2.3. Manual ground truth segmentation

Three physicians (experienced in clinical, electrophysiological, and imaging-based assessment of neuromuscular diseases: author OS, senior neurologist and neuroradiologist > 14 years, author BW, neuroradiologist > 4 years, and author LG, neuroradiologist > 2 years) manually segmented the sciatic nerve including its branches the tibial and peroneal nerve.
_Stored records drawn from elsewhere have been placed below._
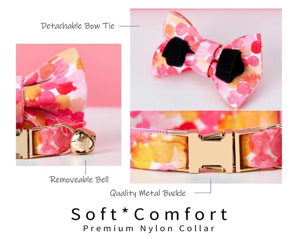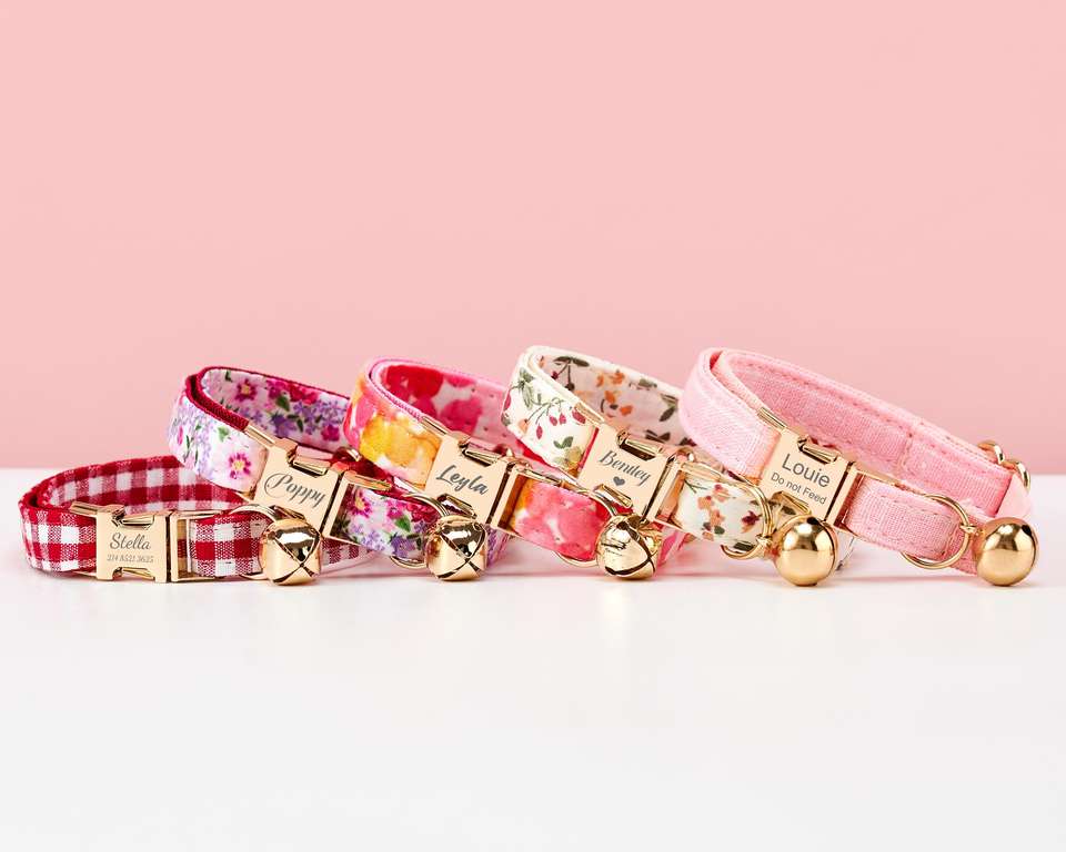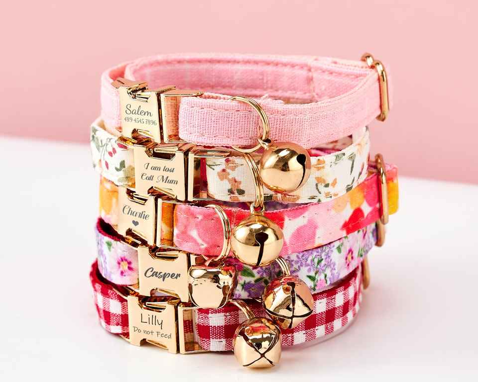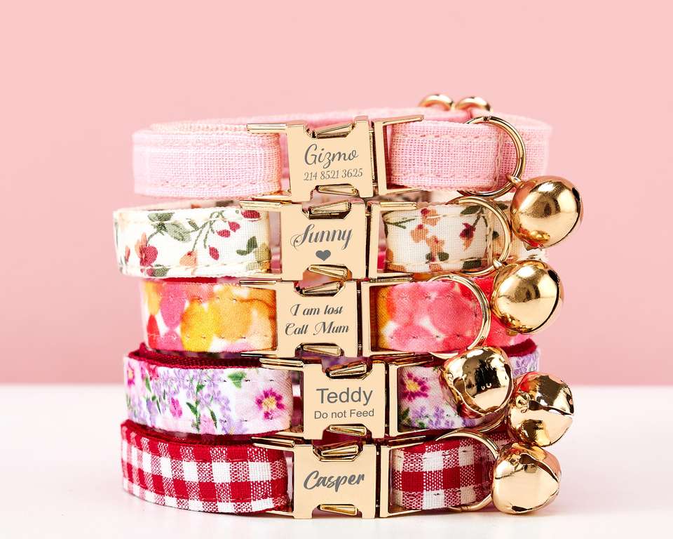 ชุดสายจูงผูกโบว์ผูกคอแมวลายดอกไม้สีสันสดใสสลักชื่อลูกแมวลูกสุนัขแบบกำหนดเองฟรีกระดิ่งสีทองขนาดเล็ก
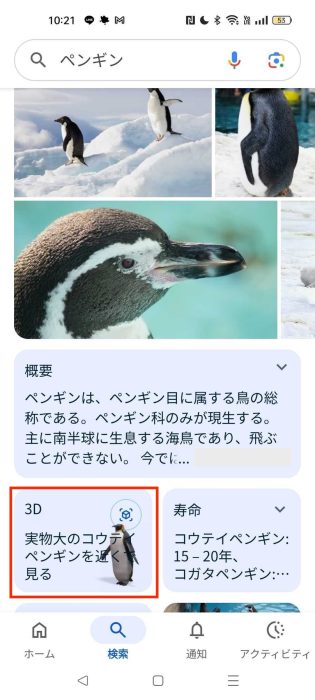 検索結果の画面を少し下にスクロールすると、「3D」という文字と動物が書かれた箇所が表示されます。ここをタップすると、画面上に立体モデルが現れます。
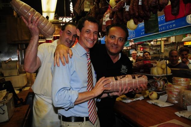 Anthony Weiner showed off a big Italian sausage at an Arthur Ave. Deli Saturday, agreeing to pose with the ample-sized meat on a campaign stop in the Bronx.
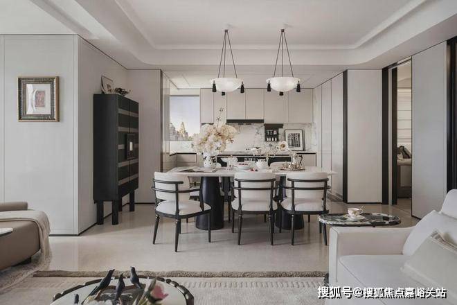 厨房更是拥有别墅级大空间,通铺中央空调、地段,甚至还有交付的奢石大岛台。
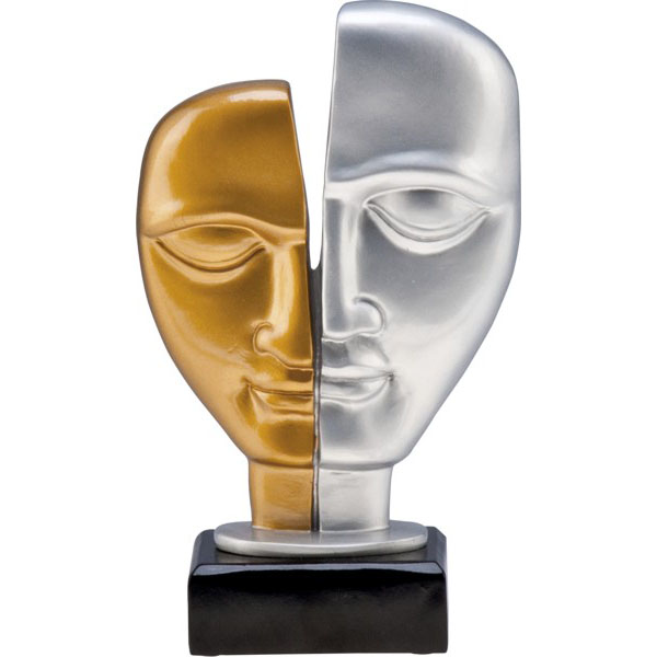 Trofeo in resina color oro e argento. Altezza cm. 22,5 Ideale nella premiazione in una manifestazione teatrale.
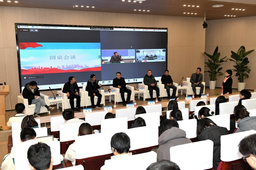 该校国内合作与教育培训管理处副处长阮波代表主办方会见了各方代表和全体创作者,并观摩了作品展示。展示作品的过程中,创作者们向来宾分享了自己的创作灵感和作品意义。其中魏欣妍同学及团队作品《走出大山,走向世界》将高铁元素与盐源的民族风情巧妙交融,体现了包子漫画
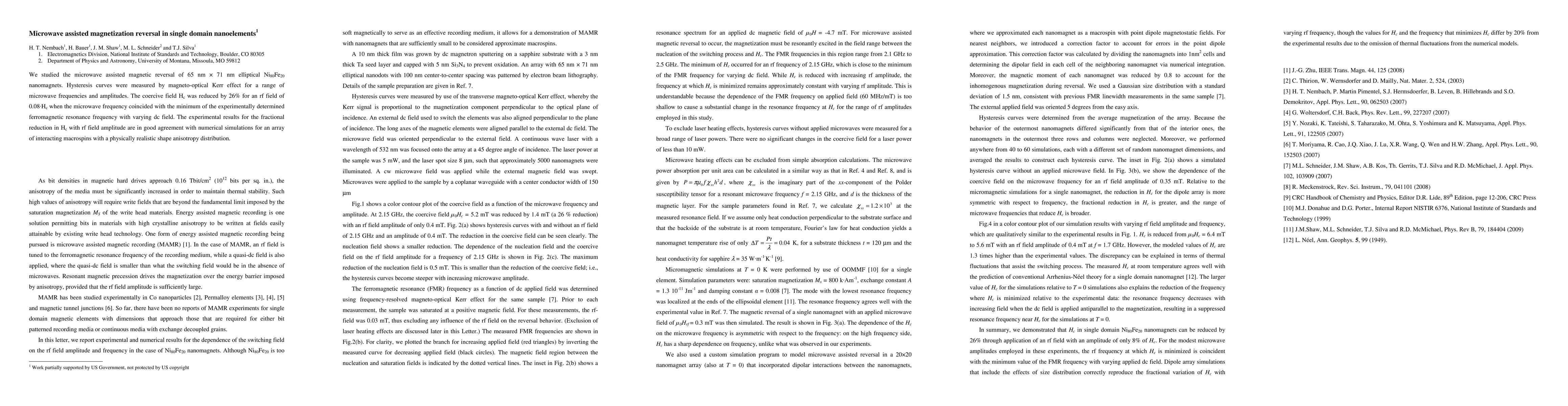 Researchers found that using microwave frequencies near a specific point can reduce the magnetic field required for reversal in tiny nanomagnets, a potential step towards faster magnetization switching in electronic devices.
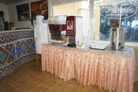 Отдыхали за границей впервые, поэтому и выбирали отдых эконом класса. Ездила с мамой, дочкой (2г.10м.), племянником (8 лет) и его бабушкой. Так как нашу компанию хотели поселить на разных этажах первого корпуса, а мы хотели жить все вместе, то в итоге нас поселили в один номер (двухкомнатный), НО во второй корпус. Номер - состояния ужасного, вместо душевой - сидячая ванна. Ремонт в номерах давно не делался, а если и проводился, то "спустя рукава", так как все неаккуратно, некачественно. И в столовой (ну по другому это заведение не назовешь)) ремонт не очень, скатерти с пятнами не отстиранными, салфетницы пласмаски - от пыли грязные, ну т.е. их помыли, но уже все въелось и не отмывается. По питанию все отлично, на убой, голодными не были, если бы не номер в старом корпусе, то вообще была бы красота. Из фруктов, правда, только апельсины, напитки - чай, кофе и растворимые напитки типо Зуко, Юпи, газировка, ну еще красное и белое вино и пиво. Еда отменная, все вкусно, много зелени, овощей, молочки (простокваша, и тому подобное), сыр 4-5 видов. Еда, правда однообразная, но т.к. горячее не одного вида подается, а два-три, то можно и побаловать разнообразием себя. В общем питанию по 5ти бальной шкале - 5ка. С Собой можно брать напитки, фрукты на пляж, в номер, по крайней мере мы брали и никто ничего не сказал. Персонал приветлив, относились очень хорошо. Уборка в номерах как таковая отсутствовала, т.е. на полу и песок и постель не менялась, хотя лебедей по началу крутили, розы лепестки сыпали. В самом начале много в туалет положили туалет. бумагу, и всё. Такого как гель, шампунь, мыло - в номере не было. И как во многих отзывах пишут от отеля до пляжа идти буквально 2 минуты, в этом плане расположение отеля очень удачно, в этом он и выигрывает. Сам пляж хороший, немного, грязноватый, но море чистое. Рекомендую отель для эконом отдыха, чтобы просто было где вещи оставить, переночевать, ну и вкусно покушать.
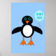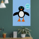 Dieses Poster zeigt einen niedlichen Cartoon eines blauen Pinguins mit blauen Augen, einem kleinen orangefarbenen Schnabel und einem weißen Bauch. Der Pinguin hält einen pulverblauen Ballon. Es ist blass blauer Text im Ballon, der sagt: "Baby Junge". Das ist das perfekte Geschenk, um einen Neugeborenen zu feiern.
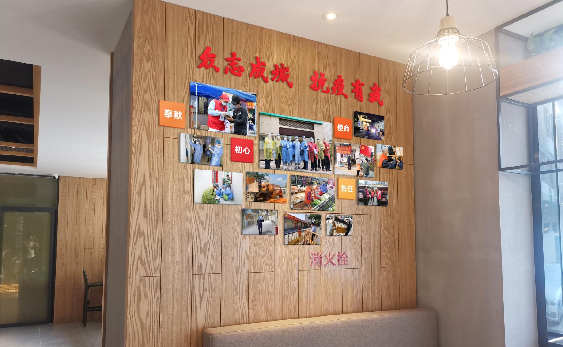 為了進一步加大疫情防控工作宣傳力度,提高疫情防控意識,有效凝聚抗疫力量,水思源設計從當時環境著手,設計出既有體現黨員職責的形象墻,全心全意為人民服務的作戰宗旨;又有緩解疫情帶來緊張感的形象墻,體現秋果酒店的人文關懷。將“不忘初心,牢記使命”堅持到底,加強疫情防控工作,增強必勝的決心和信心,把黨支部的各項防控措施切實落地工作表現出來。
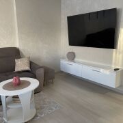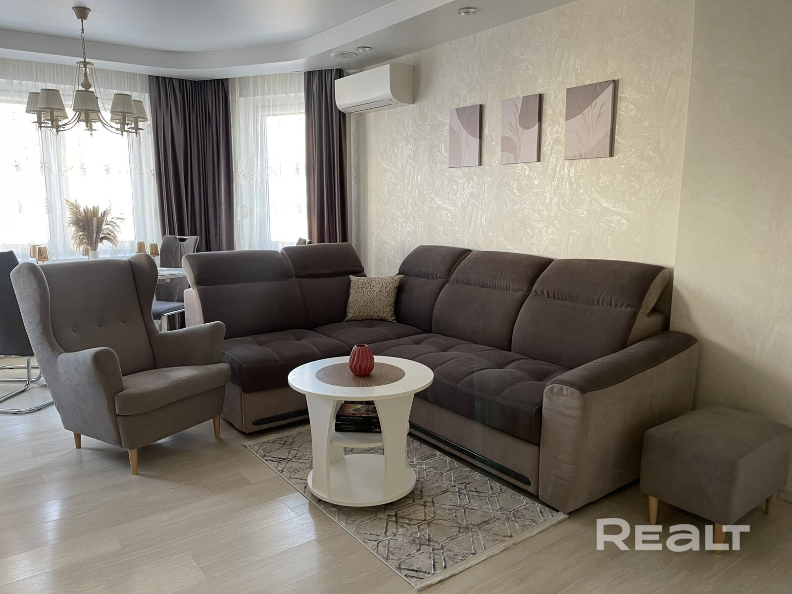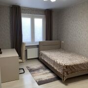 Просторная гостинная, обьединенная с кухонной зоной. Две отдельные комнаты: спальня и детская. Квартира полностью укомплектована мебелью и техникой, в т.ч холодильник, индукционная плита, посудомоечная машина, стиральная машина с сушилкой, кондиционеры, пылесос и бытовая утварь.В прихожей огромный встроенный шкаф, куда можно разместить абсолютно всё. Обустроенный двор закрытого типа с детской площадкой, огороженной волейбольной площадкой, парковкой (под шлагбаумом). До метро Грушевка - 5 мин.

Each physician individually segmented the available data to study the inter-rater agreement for manual sciatic nerve segmentation. A consensus segmentation (referred hereafter as consensus ground truth) for the evaluation of our computer-assisted segmentation approach was obtained using majority voting of the three rater segmentations, i.e., a voxel belongs to peripheral nerve if at least two raters segmented it. All segmentations were performed with the ITK-SNAP software (17) using the polygon or paintbrush tool.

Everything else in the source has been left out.